O caldo de cultura dos irmãos David e Stuart Wise era o Situacionismo de Debord e Vaneigem, vitaminado pelo niilismo estético radical de Pisarev e pelo anarquismo norte americano do “Black Mask” de Ben Morea e dos UAW/MF (Up Against the Wall Motherfuckers), também inspirador dos Yippies de Abbie Hoffman, Jerry Rubin, Phil Ochs e John Sinclair – inserir aqui derivação para o White Panther Party – e da guerrilha urbana dos Weathermen. Foi aí que, em Londres, entre o final de 60 e início de 70 do século passado, ao cuidado dos Wise, germinou o colectivo insurreccional King Mob, semente de inúmeras acções de choque como a ocupação selvagem de espaços públicos e universidades, a publicação de listas de celebridades a abater, a vandalização de cadeias de "fast food", as campanhas de panfletos de BD "détournée" e graffiti – o mais célebre: “Same thing day after day - tube - work - dinner - work - tube - armchair - TV - sleep - tube - work - how much more can you take? - one in ten goes mad, one in five cracks up” – ou a distribuição gratuita de brinquedos no Selfridges por um Pai Natal delinquentemente generoso.
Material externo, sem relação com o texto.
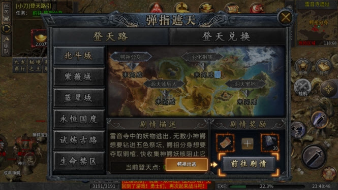 2、开启剧情主线:登天路后跟随主线任务完成探索。
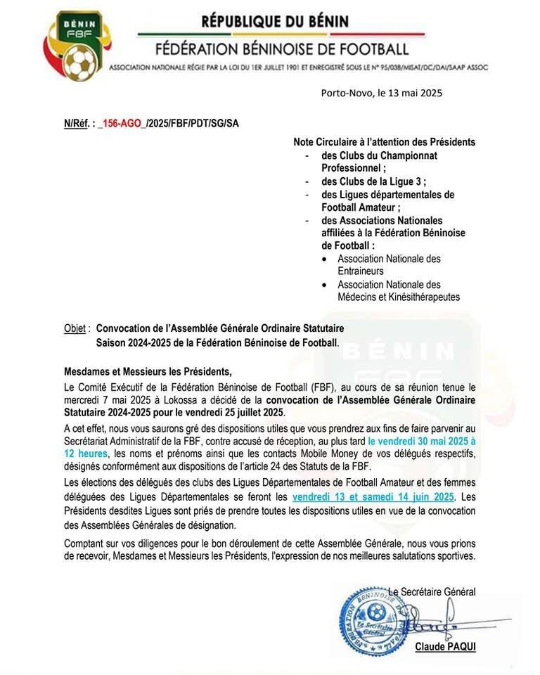 La Fédération Béninoise de Football (FBF) tiendra son Assemblée Générale Ordinaire au titre de l’exercice 2024-2025 le vendredi 25 juillet 2025 à Lokossa. L’annonce a été faite à travers une note officielle émise par l’instance dirigeante du football béninois.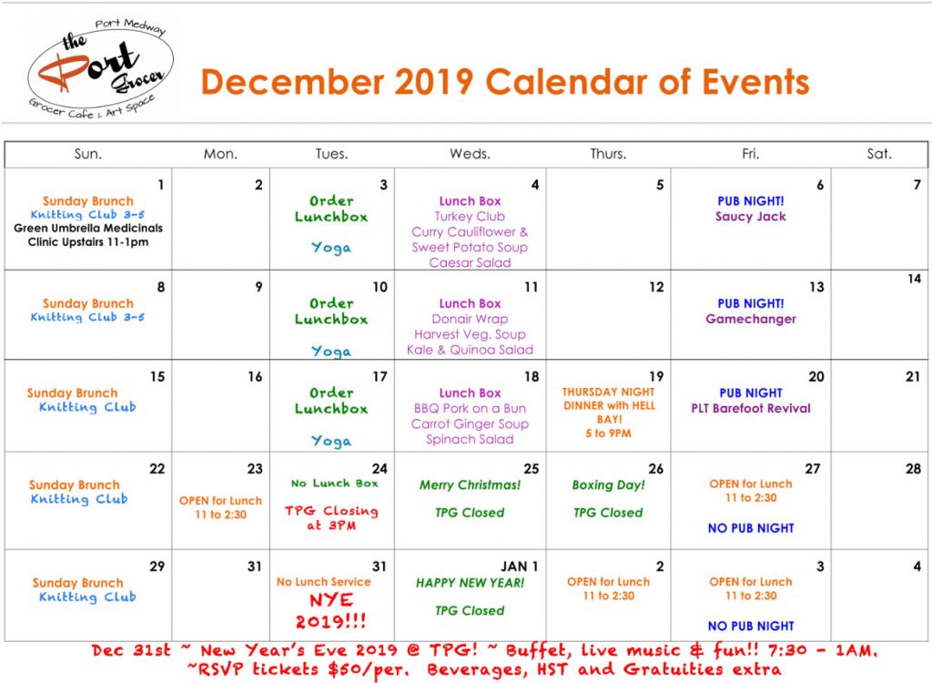 click picture to enlarge … Continue reading The Port Grocer Calendar of Events – December/2019
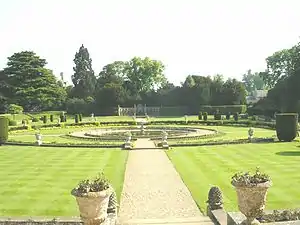 Em 1690, foi concedida a Sir John Brownlow permissão para encerrar uma área de 1000 acres (4 km²) para transformá-la num parque, com autorização para guardar veados. Existem evidências que sugerem que alguma desta área já era um parque desde, pelo menos, 1580. O parque foi traçado com avenidas, incluindo a ainda sobrevivente Avenida Este, a qual conduz para leste a partir do palácio. Brownlow também mandou fazer um grande lago e plantou 21.400 freixos, 9.500 carvalhos e 614 árvores de fruta. Pensa-se que William Winde pode ter dado conselhos no esboço dos jardins.[23] Proóximo do edifício ficava uma série de jardins mais formais, incluindo canais de água, cercados por plantações contendo passeios simétricos, lembrando as faixas redondas indroduzidas pelo jardineiro paisagista André Le Nôtre.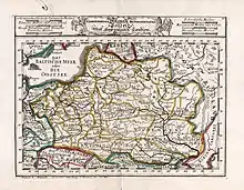 Карта «Compendiosa Poloniae Repraesentatio Polen». Як і на попередній карті Надніпров’я (Правобережне і Лівобережне) позначене як «UKRAYNE COSACKISCHE LANDER» (Україна козацька земля)[1].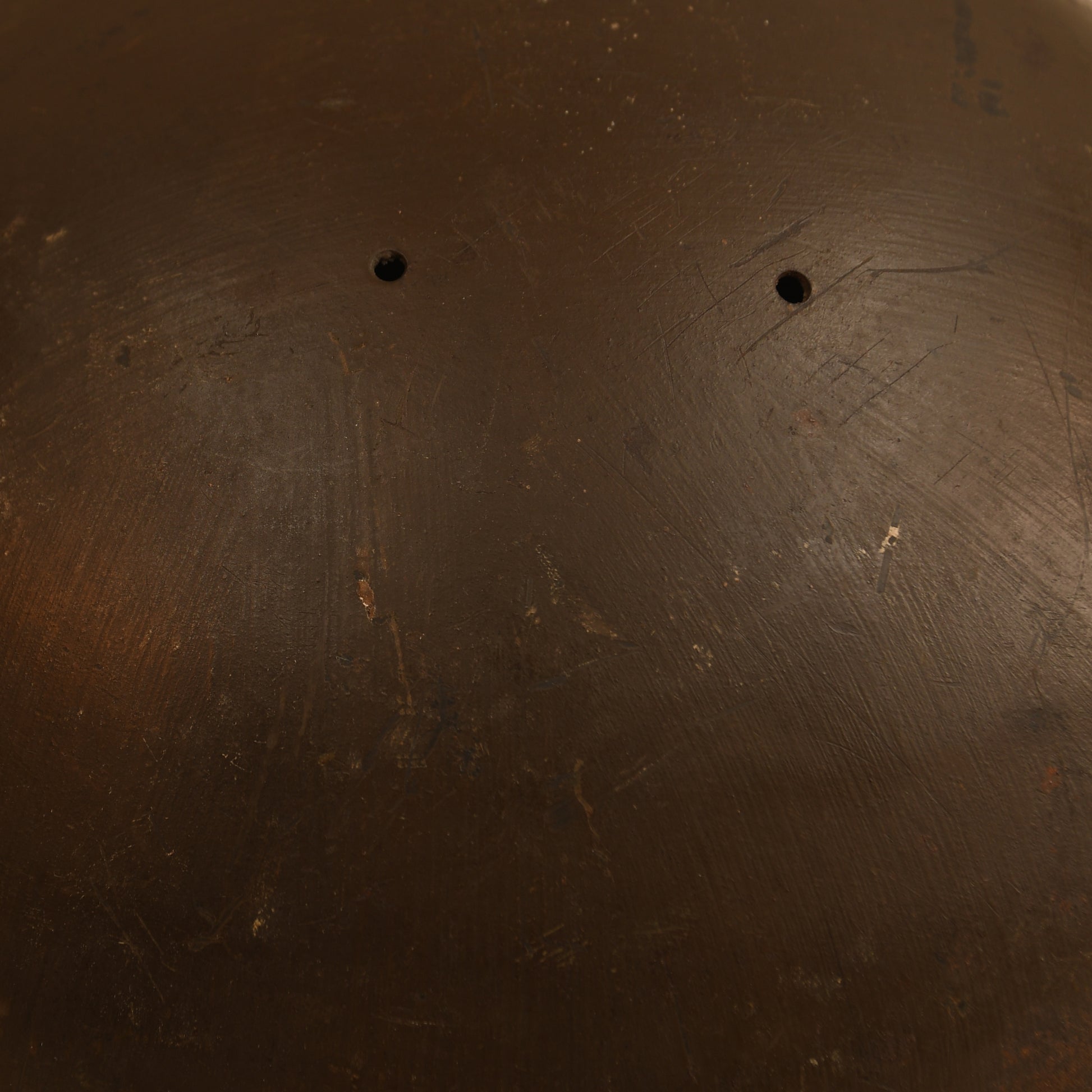 An excellent example of the iconic Type 90 combat helmet worn by Japanese troops throughout WWII. The exterior retains its full original paint finish, complete with the army star to the front. Around the lower edge, faint traces of a slightly different shade of paint form a hand-applied line — a marking applied at army facilities once a shell and liner had been assembled together, signifying the helmet was complete and ready for issue. (This feature is unique to army-issued helmets; naval examples were supplied fully assembled from the factory and lack this line.)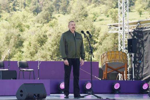 Президент Азербайджана Ильхам Алиев и первая леди Мехрибан Алиева принимают участие в международном фольклорном фестивале «Харыбюльбюль» в Шуше, сообщает официальный сайт главы государства.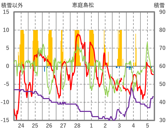 | 日 | 時 | 気温 | 降水 | 風向/風速 | 日照 | 積雪 | 降雪 |

Em 1978, David Wise escreveria The End Of Music acerca do incêndio punk (em fase de rescaldo mas ainda activo) no qual tivera papel destacado um tal Malcolm McLaren, “inventor” dos Sex Pistols e, pouco tempo antes, um dos activistas da operação Selfridges.


Há três semanas, Joe Corré, fiho de McLaren e Vivienne Westwood, na boa tradição familiar, fez explodir outra bomba: perante a declaração – por iniciativa do British Film Institute, British Library, Design Museum, Museum of London, Photographers' Gallery, Rough Trade e Roundhouse – de 2016 como o “Year of Punk”, anunciou que, a 26 de Novembro, em Camden, por ocasião do 40º aniversário de "Anarchy in The UK", dos Pistols, lançará fogo à sua colecção de memorabilia punk, no valor de 5 milhões de libras, declarando “O punk transformou-se numa peça de museu. As pessoas estão anestesiadas, sentem que já não têm uma voz. Desistiram de lutar por aquilo em que acreditam. Temos de rebentar com esta merda toda outra vez!” Os ventos, porém, não estão de feição para os “gangsters of the new freedom” e é assaz duvidoso que venha a encontrar muitos aliados: do lado de lá do Atlântico, no Queens Museum, de Nova Iorque, entre 10 de Abril e 31 de Julho, será exibida a exposição “Hey! Ho! Let’s Go: Ramones and the Birth of Punk”. Punk’s not dead?